OAKTOWN — After an uptick in thefts and break-ins, residents residents are looking into starting a Neighborhood Watch program.

Roughly 20 people attended Wednesday’s town council meeting to voice their concerns, including retired police officers Nancy and Dwight Holbrook.

“We're locking our doors now and we've never before felt the need to do that,” Nancy Holbrook said.

The recent rash of petty crime began about eight weeks ago, residents say. It died down a bit only to ramp up again recently.

“What we're seeing is very unusual for a small town,” Holbrook said. “We just don't have much of that.”

Holbrook encouraged residents to begin looking out for one another and asked that the Sheriff’s Department help in whatever way it could.

“Our biggest concern is that someone's going to get hurt,” Holbrook said. “It can either be a homeowner or the ones breaking in.

“Whoever it is, I don't think they understand the gravity of what is going on,” she said. “People are scared.”

Residents took turns telling their stories of recent theft and vandalism to council members. In response, council president Stan Hobbs arranged for anyone interested in forming a Neighborhood Watch group to meet with Sheriff Mike Morris.

“Nothing is official until the meeting with the sheriff to iron out all the details,” said council member Randy Rinsch.

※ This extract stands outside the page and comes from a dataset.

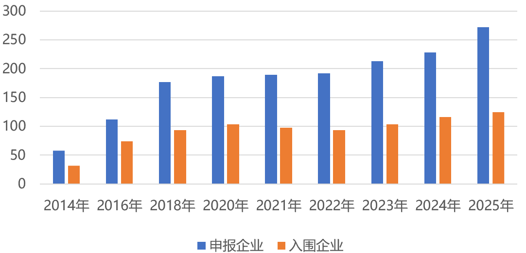 ①参与率持续提升,入围率保持稳定:2022年共192家企业申报、93家企业入围,入围率为48%;2023年共213家企业申报、103家企业入围,入围率为48%;2024年共228家企业申报、117家企业入围,入围率为51%;2025年共272家企业申报、124家企业入围,入围率为46%,显示出企业对社会责任认证的认可度不断提升。

In the meantime, those who see anything suspicious should reach out to central dispatch at 812-882-1502.

Morris said these crimes are occurring roughly two to three times a week in Oaktown, sometimes that many in a single evening.

“It's never going to go away entirely, but it has picked up, it seems, here in the last couple weeks,” Morris said.

Morris suspects that juveniles are likely behind the recent crimes.

The department has added extra patrols and assigned additional deputies to Oaktown in response.

“We have been trying to stay ahead of this but it's very difficult to do,” Morris said. “It's discouraging to the (residents) of the county because these situations are happening all over, and they require manpower and time.”

He said to get a Neighborhood Watch group up and running would be helpful in reducing crime.

“A Neighborhood Watch is an extension of law enforcement — they are the eyes and ears,” Morris said.